The SoftMax function of output layer.
Network context flow generation method of the invention does not need manually to establish Model of network traffic, but by a large amount of
Training data, by CGAN training obtain Model of network traffic, the process required manual intervention is fewer, and can be true to nature
Reflect live network traffic characteristic.The generation model of different scenes, energy are obtained by the live network flow training of different scenes
Enough cope with the complexity and diversity of live network flow.
Innovation of the invention essentially consists in application innovation of the CGAN technology in terms of network flow generation, and there is no right
CGAN technology itself improves.
Detailed description of the invention
Fig. 1 is a kind of network context traffic generating system schematic based on condition production confrontation network of the invention.
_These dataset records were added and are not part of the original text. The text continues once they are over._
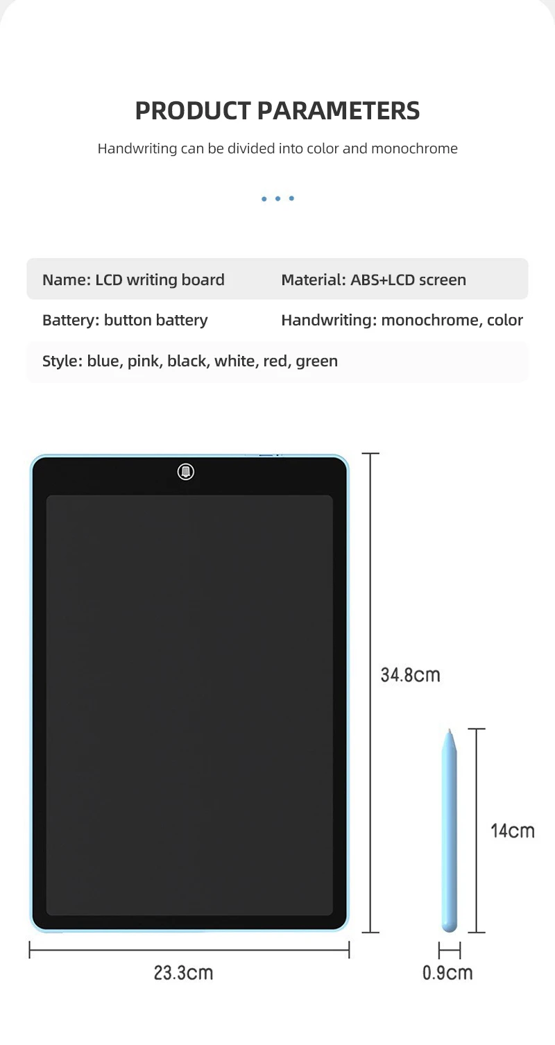 1.LCD writing tablet is the best gift for kids' birthday, Thanksgiving, Christmas, and any occasion. Every little doodler should have one! It can be used as a drawing board, notepad, memo board, office writing board, graphic aids, writing pad, and so on. It's a suitable educational learning toy for toddlers.
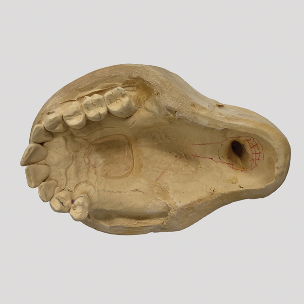 The final obturator should not be fabricated until the surgical site is healed and dimensionally stable, taking into consideration the patient's physical and emotional state.3 Changes associated with healing will continue to occur in the surrounding areas of the defect for at least 1 year.3 Dimensional changes are primarily related to the peripheral soft tissues.3
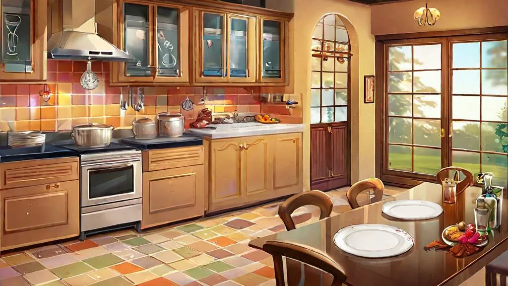 A 90s video game-style kitchen featuring beige cabinets with glass doors displaying plates and cups, front wall view, vector art, cartoon, Disney-style, concept art, color field painting, vibrant and nostalgic, clean and crisp lines, playful and cheerful atmosphere.
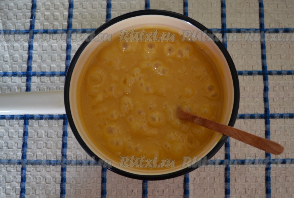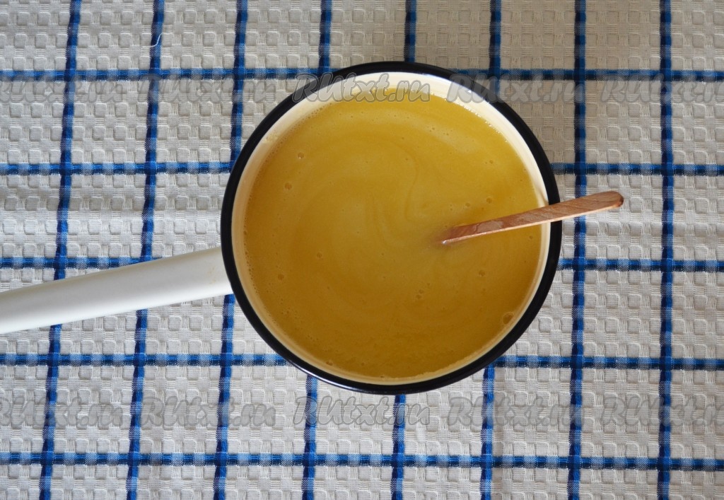 Чем дольше будете варить, тем масса будет приобретать более насыщенней желтый цвет и становиться все гуще и гуще.
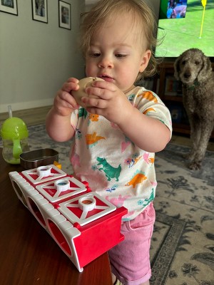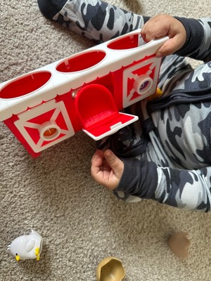 - What Do Kids Learn?: Explore this preschool toy's fun ways to build fine motor skills—drop the eggs into the coop, then lift, pull, and rotate the doors to reveal them!
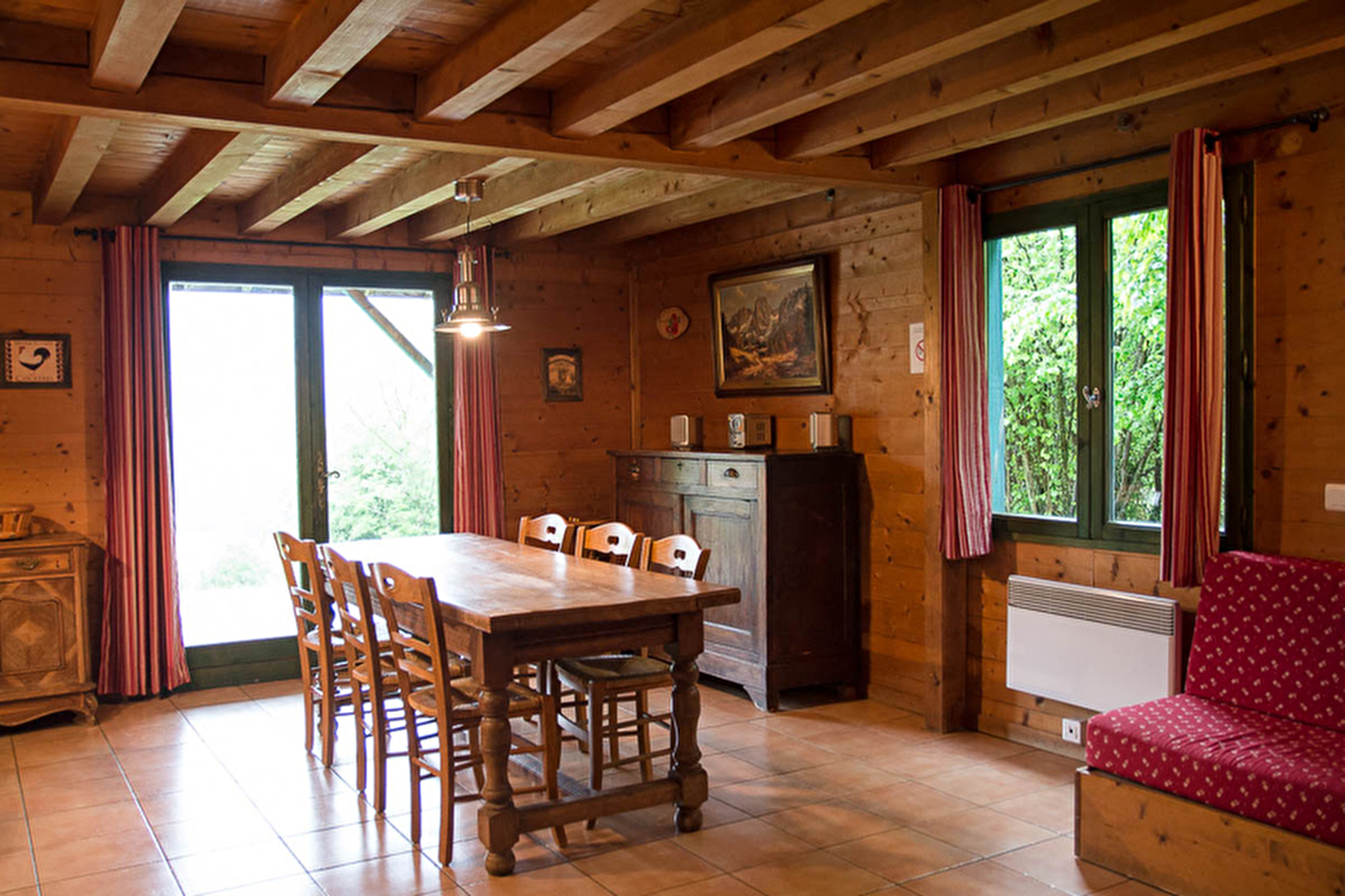 Vrijstaand chalet vlakbij de Cascades du Hérisson. Begane grond: woonkamer, keuken, slaapkamer 1: 1 tweepersoonsbed, badkamer met douche. Eerste verdieping: mezzanine met zithoek, slaapkamer 2: 1 tweepersoonsbed en 2 eenpersoonsbedden. Overdekt terras met tuinmeubelen, barbecue, aangebouwde garage. Omheind terrein. Petanquebaan. Gratis wifi-internet. Baby uitrusting. Elektrische verwarming en houtverwarming, kosten niet inbegrepen. Houtpakket: €25/week van 15/10 tot 15/04. 1 huisdier toegestaan, extra huisdieren op aanvraag bij de eigenaar (€35 toeslag per extra huisdier).
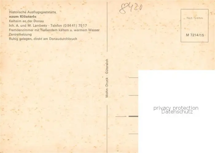Kelheim_Donau Ausflugsgaststaette Zum Kloesterle Gastraeume postalisch nicht gelaufen nach 1965 Erhaltung siehe scans [WerneD78] WernPID7
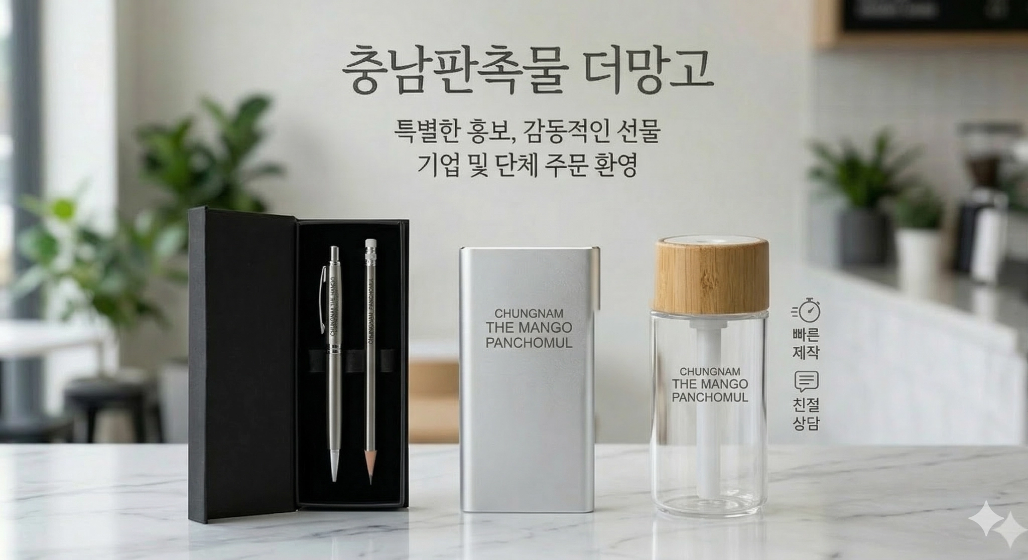 받는 분의 일상에 가치를 더하는 선물, 충남판촉물더망고가 함께 고민하겠습니다.
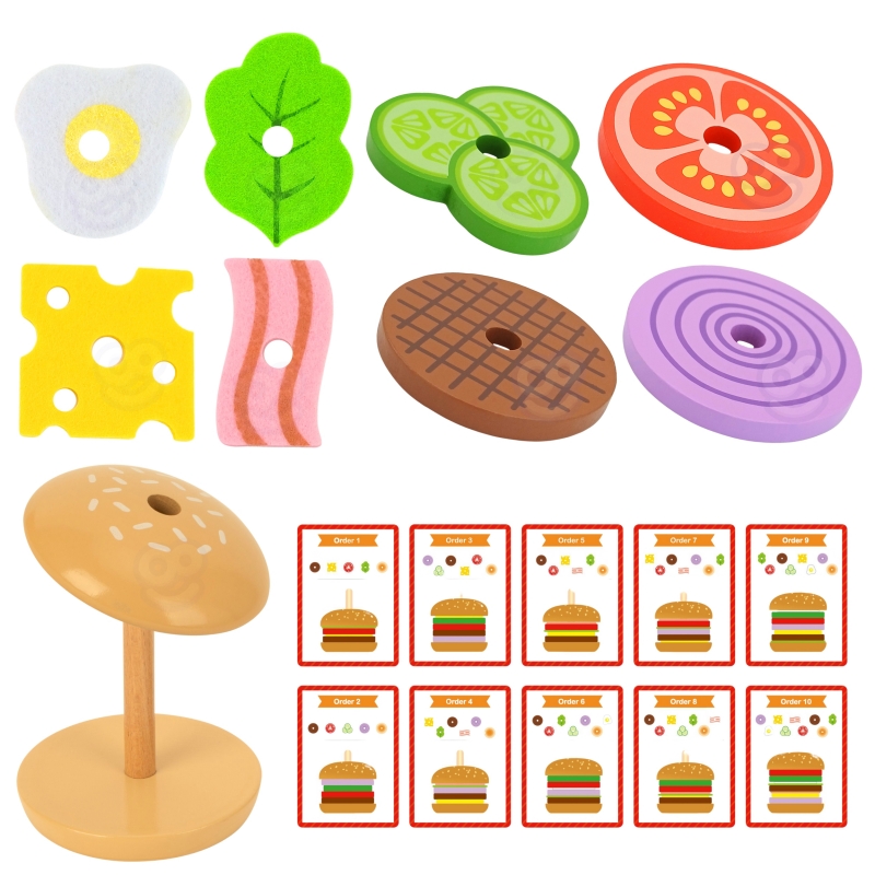 Dziecko wybiera potrzebne składniki, a następnie patrząc na grubość i kolor układa składniki zgodnie z kolejnością. Zabawę można urozmaicić o grę w zapamiętywanie i odtwarzanie z pamięci obrazka przez malucha. Można również zakryć na karcie składniki, a dziecko na podstawie samego wyglądu może dobrać potrzebne składniki i ułożyć hamburgera. Dziecko może również wymyślić swój własny wygląd burgera – ogranicza tylko kreatywność i wyobraźnia
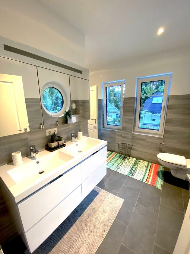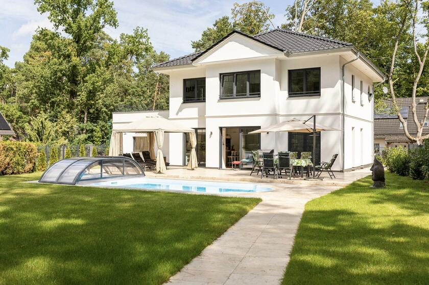 Unser Einfamilienhaus liegt idyllisch im Herzen von Wandlitz, nahe des Liepnitzsee in entspannter und bevorzugter Wohnlage nur 30 km von Berlin entfernt. 2020 im ländlichen Stil erbaut, bietet dieses Haus auf fast 200 m² Wohnfläche den Landhaus-Charme par excellence mit einem offen gestalteten Wohnbereich mit angrenzender großflächiger Außenterrasse. Der gesamte Poolbereich ist großzügig gestaltet und mit Naturstein verlegt. Hier finden Sie Relax-Liegen, einen Pavillon, sowie einen BBQ Grill. Der mit einer Salzanlage betriebene Pool kann sowohl überdacht als auch offen benutzt werden. Auf der Doppelgarage gibt es eine große Dachterrasse. Zum Haus gehört ebenfalls ein großzügig begrünter Garten.

Fig. 2 is a kind of network context flow generation method flow chart based on condition production confrontation network of the invention.
Fig. 3 is a kind of frame structure of the data packet of network context flow based on condition production confrontation network of the invention
Schematic diagram.
Fig. 4 is LSTM schematic network structure.
Fig. 5 is LSTM network transverse structure schematic diagram.
Fig. 6 is LSTM network hidden neuron schematic network structure.
Fig. 7 is a kind of differentiation mould of network context flow generation method based on condition production confrontation network of the invention
Type structural schematic diagram.
Specific embodiment
In order to make the objectives, technical solutions, and advantages of the present invention clearer, below in conjunction with attached drawing, the present invention is mentioned
The network context flow generation method and system further description based on condition production confrontation network out.It should manage
Solution, specific implementation method described herein are only used to explain the present invention, be not intended to limit the present invention.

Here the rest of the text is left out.